The declining quality of Game Freak’s offerings may have dulled the spark, but New Pokemon Snap reignited that childhood flame in my heart at the wonder this kind of setting could offer. So both on that front and as a game, I can heartily recommend this one to people. I’m very glad to have played it and that something like Pokemon Snap gets to exist again after all this time. If this sounds like your kind of thing, then I heartily recommend checking it out.

So I had this draft mostly written weeks ago, but I never got around to finishing it purely because I was having issues getting pictures off my Switch. Given that this is a game all about getting those pictures, it’d be a crying shame to do a text only review, so I held back until I could include my own screenshots.

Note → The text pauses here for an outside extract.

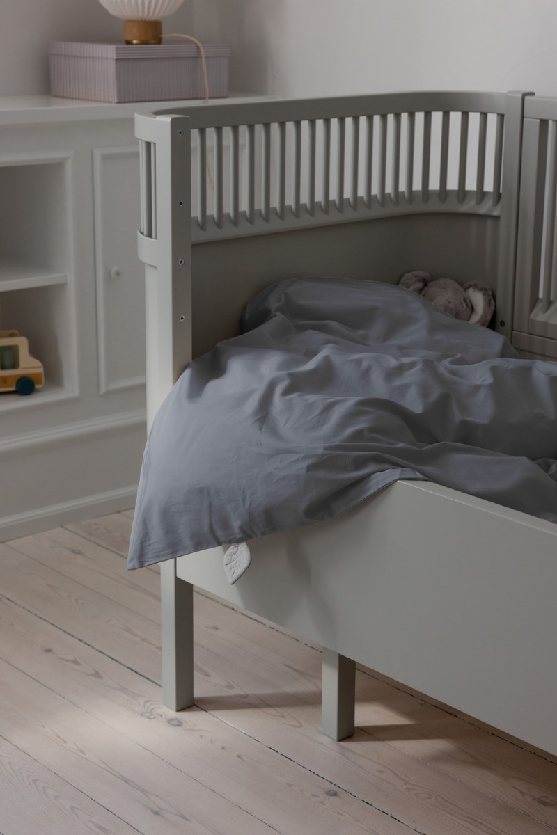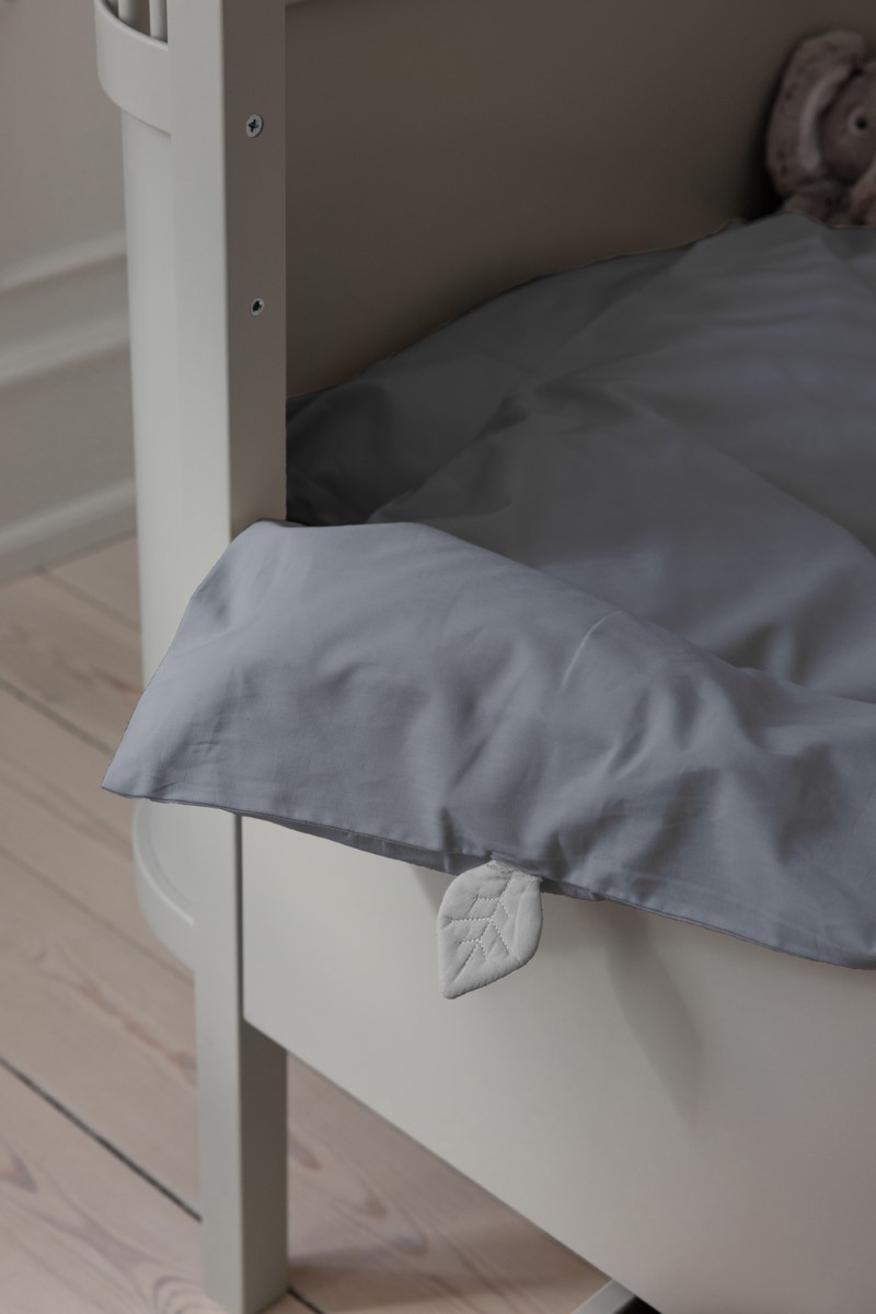 Die beiden Bezüge – einer für die Decke, einer für das Kissen – verfügen über verdeckte YKK-Reißverschlüsse, damit nichts beim Schlafen stört. Ein liebevolles Extra ist die kleine Blätterlasche am Deckenbezug, die als beruhigendes Element für müde Finger dienen kann.

That more or less bottlenecked my entire writing process, so I’m forcing myself to finish this now even though I’m far from happy with it. I also edited this one in an incredibly sleep-deprived funk, so I probably missed some details or parts. Please let me know if you spot anything and share feedback so I can pretty it up later.

I’m tired of trying to predict when I’ll actually be well enough to function consistently again — let alone write steadily — so I won’t bother. There’ll be new content when I can at some point, hopefully sooner rather than later. Might just be more of these, but we’ll see. Until then!
One thought on “New Pokemon Snap Review”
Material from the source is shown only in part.